=== DATASET EXTRACT ===

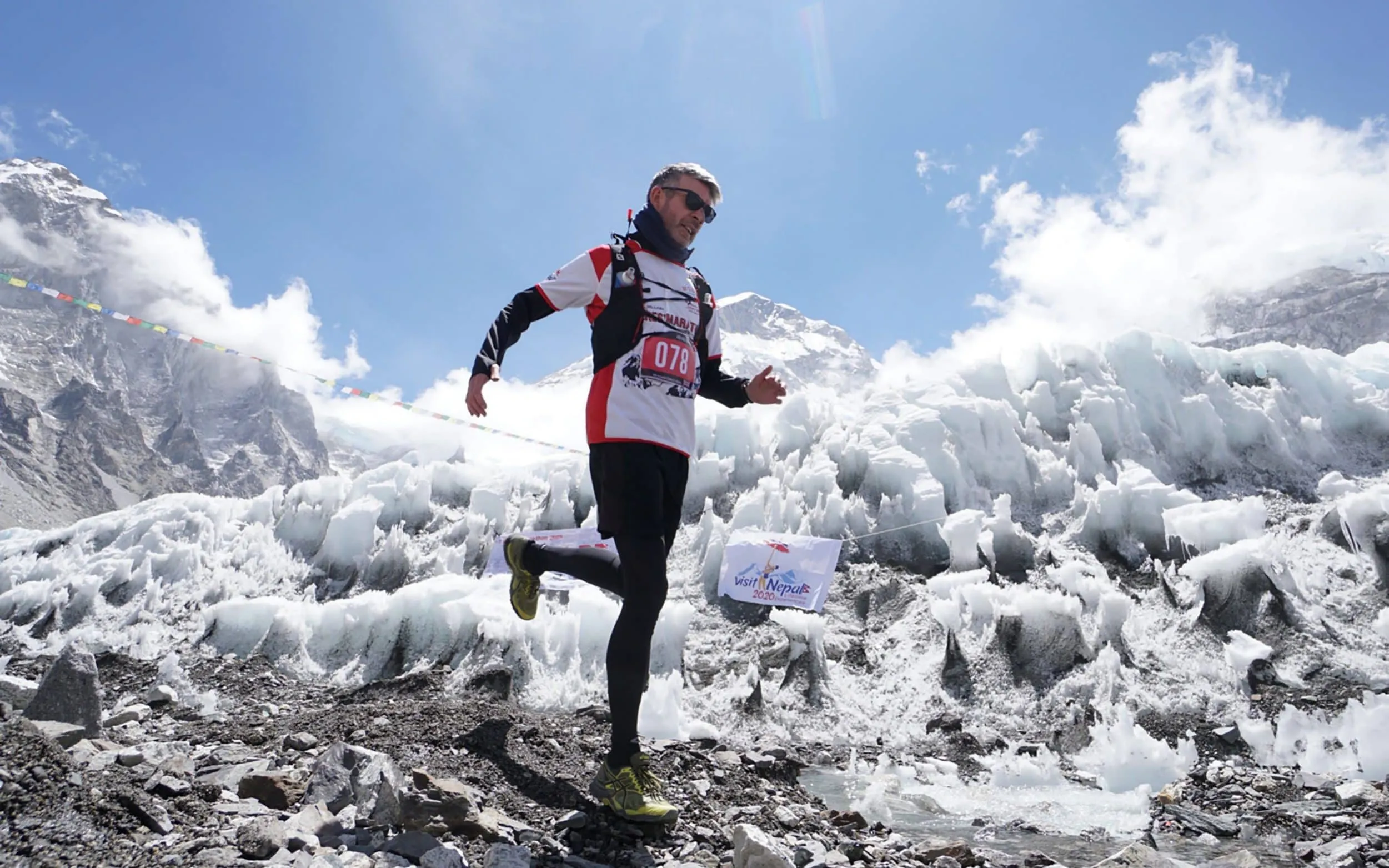 In this handout photograph released by the Tenzing-Hillary Everest Marathon on May 29, 2019 a runner competes in the world's highest marathon in the foothills of Mount Everest in the Solukhumbu district of Nepal. - More than 224 including 160 foreigners from 30 countries and local runners took part in the world's highest marathon to mark the anniversary of the first summit of the peak by Tenzing Norgay and Edmund Hillary on May 29, 1953. (Photo by Handout/Tenzing-Hillary Everest Marathon/AFP Photo)
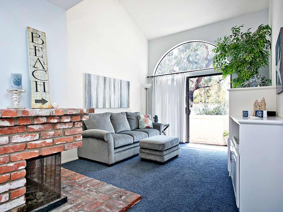 Gorgeous Cabo Del Mar penthouse unit steps to wetland and beach trails. This gorgeous 2 bed/1 bath loft style retreat has been completely gone through including all new designer lighting fixtures, recessed LED lighting, all new switches outlets dimmers and GFCi's, new paint, refinished cabinetry in kitchen and bath, new backsplash and accents, newer carpet, new custom built-ins throughout, the list goes on. Stunning 30 foot ceilings with wraparound fireplace make this home inviting no matter what room you are in. Large master bedroom with vaulted ceilings leads to the patio via your own balcony slider, or to the dual master bedroom closets into the large master bath with dual vanities, separate water closet area and new large soaker tub with updated glass shower door. Spiral staircase leads to second bedroom/loft with large closet, utilize as an office, guest bedroom or however you choose. Large full width balcony is great for entertaining guests or relaxing under the shade with ample room for seating and outdoor dining. Large storage closet off balcony for bikes, gym equipment or just extra storage. This home is steps to several grocery stores, restaurants, Huntington Harbour, coffee shops, hiking trails, the beach, truly an amazing gated beach resort!
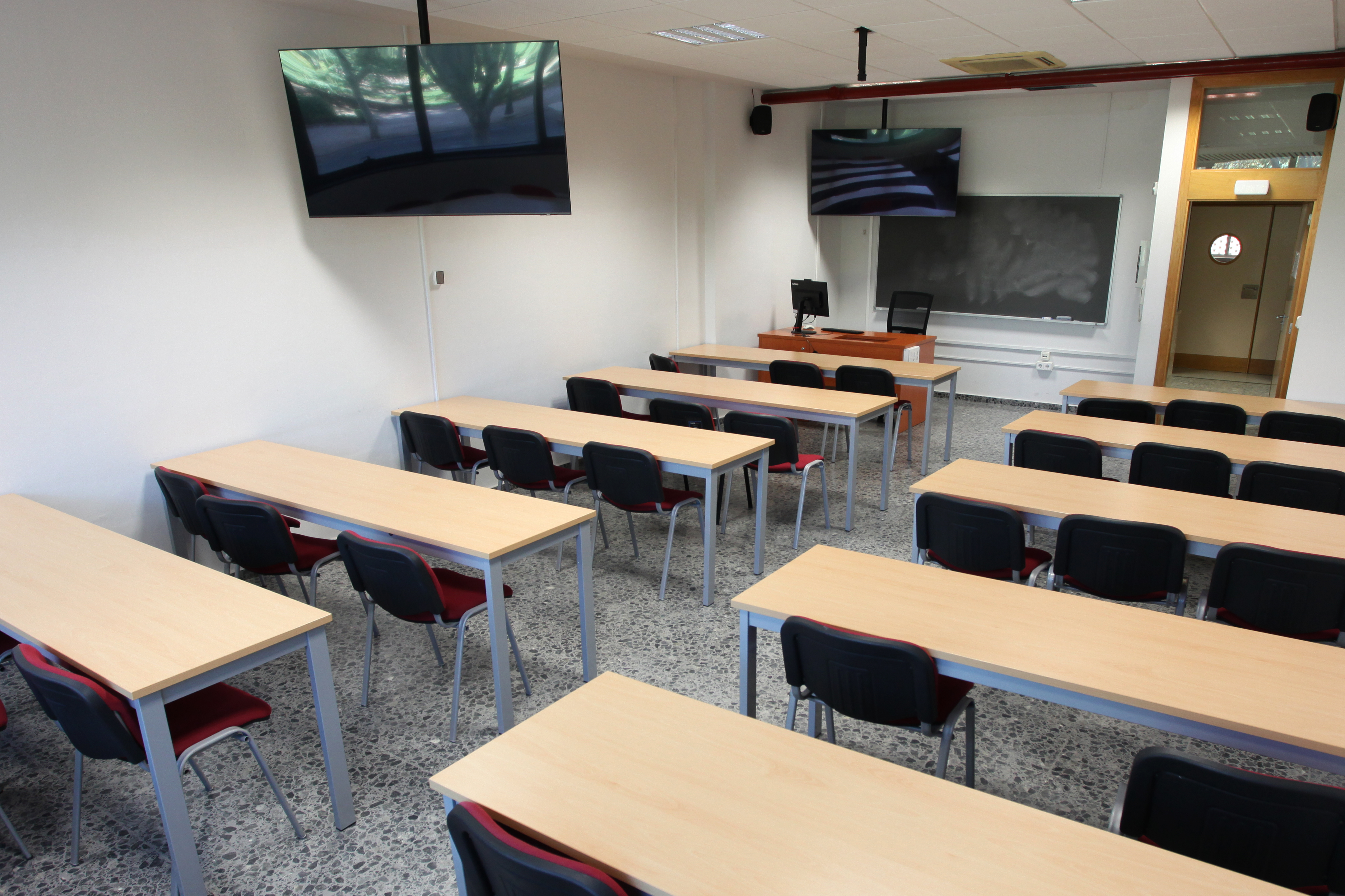 El aula dispone de 48 plazas. Mobiliario móvil y adaptado. Equipo informático para el profesorado con mesa multimedia que incluye: micrófono y sistema audiovisual independiente. Sistema de enseñanza híbrida que incluye cámara en monitor. 2 pantallas de 65 pulgadas para proyección. Oscurecimiento para proyección mediante estores. Pizarra blanca. Enchufes en los puestos de trabajo. Teléfono de apoyo con el personal de conserjería. Megafonía de seguridad. Wifi.

===

The finished copy should match the data above word for word and contain no pictures.

 In this handout photograph released by the Tenzing-Hillary Everest Marathon on May 29, 2019 a runner competes in the world's highest marathon in the foothills of Mount Everest in the Solukhumbu district of Nepal. - More than 224 including 160 foreigners from 30 countries and local runners took part in the world's highest marathon to mark the anniversary of the first summit of the peak by Tenzing Norgay and Edmund Hillary on May 29, 1953. (Photo by Handout/Tenzing-Hillary Everest Marathon/AFP Photo)
 Gorgeous Cabo Del Mar penthouse unit steps to wetland and beach trails. This gorgeous 2 bed/1 bath loft style retreat has been completely gone through including all new designer lighting fixtures, recessed LED lighting, all new switches outlets dimmers and GFCi's, new paint, refinished cabinetry in kitchen and bath, new backsplash and accents, newer carpet, new custom built-ins throughout, the list goes on. Stunning 30 foot ceilings with wraparound fireplace make this home inviting no matter what room you are in. Large master bedroom with vaulted ceilings leads to the patio via your own balcony slider, or to the dual master bedroom closets into the large master bath with dual vanities, separate water closet area and new large soaker tub with updated glass shower door. Spiral staircase leads to second bedroom/loft with large closet, utilize as an office, guest bedroom or however you choose. Large full width balcony is great for entertaining guests or relaxing under the shade with ample room for seating and outdoor dining. Large storage closet off balcony for bikes, gym equipment or just extra storage. This home is steps to several grocery stores, restaurants, Huntington Harbour, coffee shops, hiking trails, the beach, truly an amazing gated beach resort!
 El aula dispone de 48 plazas. Mobiliario móvil y adaptado. Equipo informático para el profesorado con mesa multimedia que incluye: micrófono y sistema audiovisual independiente. Sistema de enseñanza híbrida que incluye cámara en monitor. 2 pantallas de 65 pulgadas para proyección. Oscurecimiento para proyección mediante estores. Pizarra blanca. Enchufes en los puestos de trabajo. Teléfono de apoyo con el personal de conserjería. Megafonía de seguridad. Wifi.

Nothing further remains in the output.